Organize Your Data with child-parent hierarchy and Subtotal in MSSQL

01 Introduction to child-parent hierarchy in MSSQL
02 Benefits of using child-parent hierarchy
03 Understanding the structure of child-parent hierarchy
04 Creating a table with child-parent hierarchy and inserting data into the table
Create the table
Define the foreign key constraint
Insert data into the table
Update HID column in the table
05 Querying data from the table using CTEs
06 Updating and deleting data in the child-parent hierarchy
07 Effective techniques for structuring your data using a parent-child hierarchy
08 Next steps for implementing a child-parent hierarchy and subtotals, and concluding remarks

01 Introduction to child-parent hierarchy in MSSQL

The child-parent hierarchy is a data model in Microsoft SQL Server (MSSQL) that represents hierarchical data in a table format.
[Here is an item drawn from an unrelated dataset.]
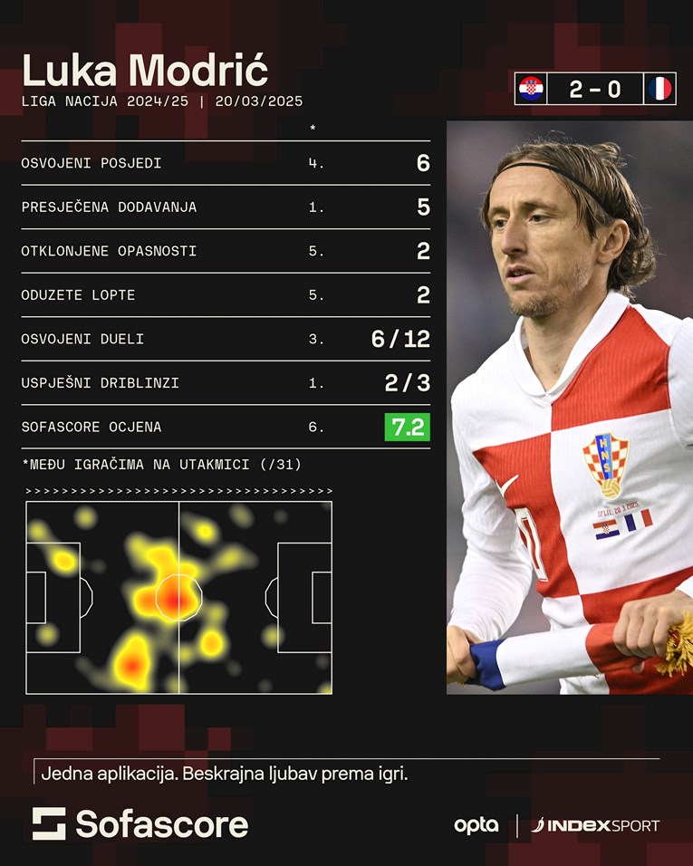 HRVATSKA reprezentacija pobijedila je Francusku 2:0 u prvoj četvrtfinalnoj utakmici Lige nacija. S tom prednošću će momčad Zlatka Dalića u nedjelju od 20:45 krenuti u uzvratnu utakmicu u Parizu i pokušati izboriti Final Four natjecanja. Društvene mreže ističu dobru igru Luke Modrića.

In this approach, each row in the table represents a node in the hierarchy, and each node is associated with a unique identification, a parent identifier, and data properties.

The parent identification field provides the node's parent in the hierarchy, with a NULL parent identifier for the root node. Organizational hierarchies, product categories, and other sorts of hierarchical relationships are frequently represented using child-parent hierarchy models.

In MSSQL, you can establish a child-parent hierarchy by using the Common Table Expression (CTE) feature, which allows you to define a recursive query that traverses the hierarchy iteratively. The recursive query begins with the root nodes (those with NULL parent identifiers) and chooses their children iteratively until all nodes have been explored.

You can use the CTE in queries to traverse the hierarchy, obtain data related to each node, and conduct other activities after you've constructed it. MSSQL includes a number of built-in functions for working with hierarchical data, including the HIERARCHYID data type, which specifies a node's position in the hierarchy, and the ISDESCENDANTOF function, which determines whether one node is a descendant of another.

Overall, the MSSQL child-parent hierarchy model is an effective method for representing and managing hierarchical data in a relational database system.

02 Benefits of using child-parent hierarchy

There are several benefits to using the child-parent hierarchy model in MSSQL:

Efficient data storage: The child-parent hierarchy architecture allows for the efficient storage of hierarchical data in a single table, making it easier to maintain and query the data.
Querying the Hierarchy: MSSQL's built-in functions and features, such as Common Table Expression (CTE), HIERARCHYID data type, and ISDESCENDANTOF function, make it simple to traverse and query the hierarchy, allowing you to obtain and manage hierarchical data more simply.
Flexibility: The child-parent hierarchy model allows for the easy addition of new nodes and modification of the hierarchy structure, making it more flexible than other models.
Improved performance: By using efficient querying techniques such as CTE, you can significantly improve the performance of queries involving hierarchical data.
Application code is made simpler when employing the child-parent hierarchy model when working with hierarchical data. This makes it simpler to maintain and update the application and to write the code and logic necessary to navigate and control the hierarchy.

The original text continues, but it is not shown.